Megan Whalen Turner (born November 21, 1965) is an American writer of fantasy fiction for young adults. She is best known for her novel The Thief and its five sequels. In 1997, The Thief was named a Newbery Honor book.

Early life

Turner received her BA with honors in English language and literature from the University of Chicago in 1987. Before becoming an author, she worked as a children's book buyer for bookstores in Chicago and Washington D.C.

Career
Turner began writing a collection of short fantasy stories after moving to California in 1989. She published the stories as Instead of Three Wishes: Magical Short Stories in 1995.

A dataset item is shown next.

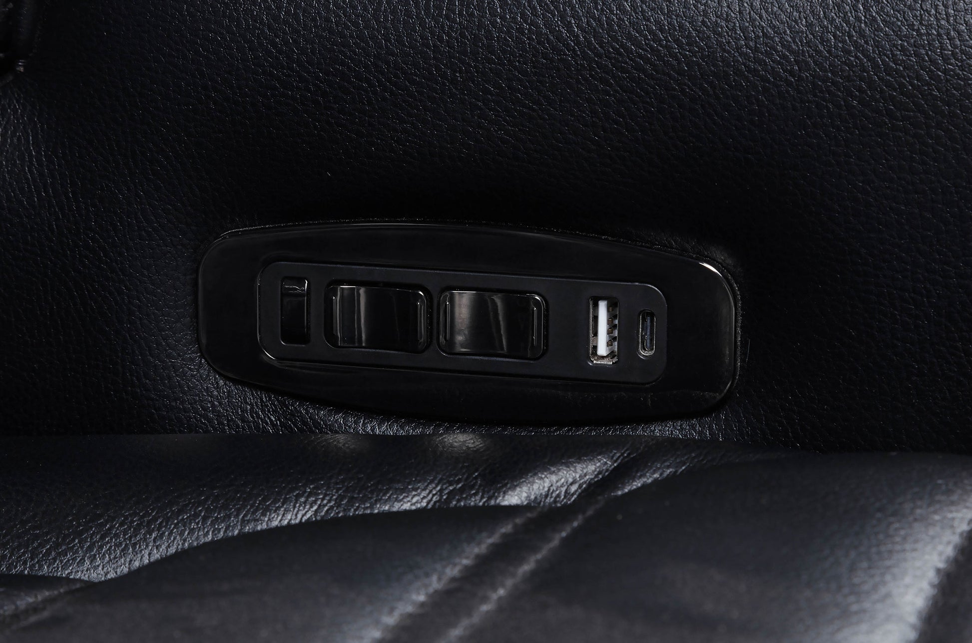 • Sofa includes drop-down console with AC outlets, USB ports, and reading lights

Turner is best known for her series of young adult novels primarily revolving around a character named Eugenides. Turner has no official name for the series herself, sometimes referring to it as "The Geniad", but fans have coined it The Queen's Thief. The first book in the series, The Thief, won a Newbery Honor award.  The subsequent books in the series are The Queen of Attolia, The King of Attolia, A Conspiracy of Kings, Thick as Thieves, and Return of the Thief.

Turner was the 2013 Literary Guest of Honor and Keynote Speaker at the Life, the Universe, & Everything professional science fiction and fantasy arts symposium.

In July 2018, Turner announced the March 2019 publication date of Return of the Thief. This was first pushed back to spring 2020 before the book was published on October 6, 2020, concluding the series.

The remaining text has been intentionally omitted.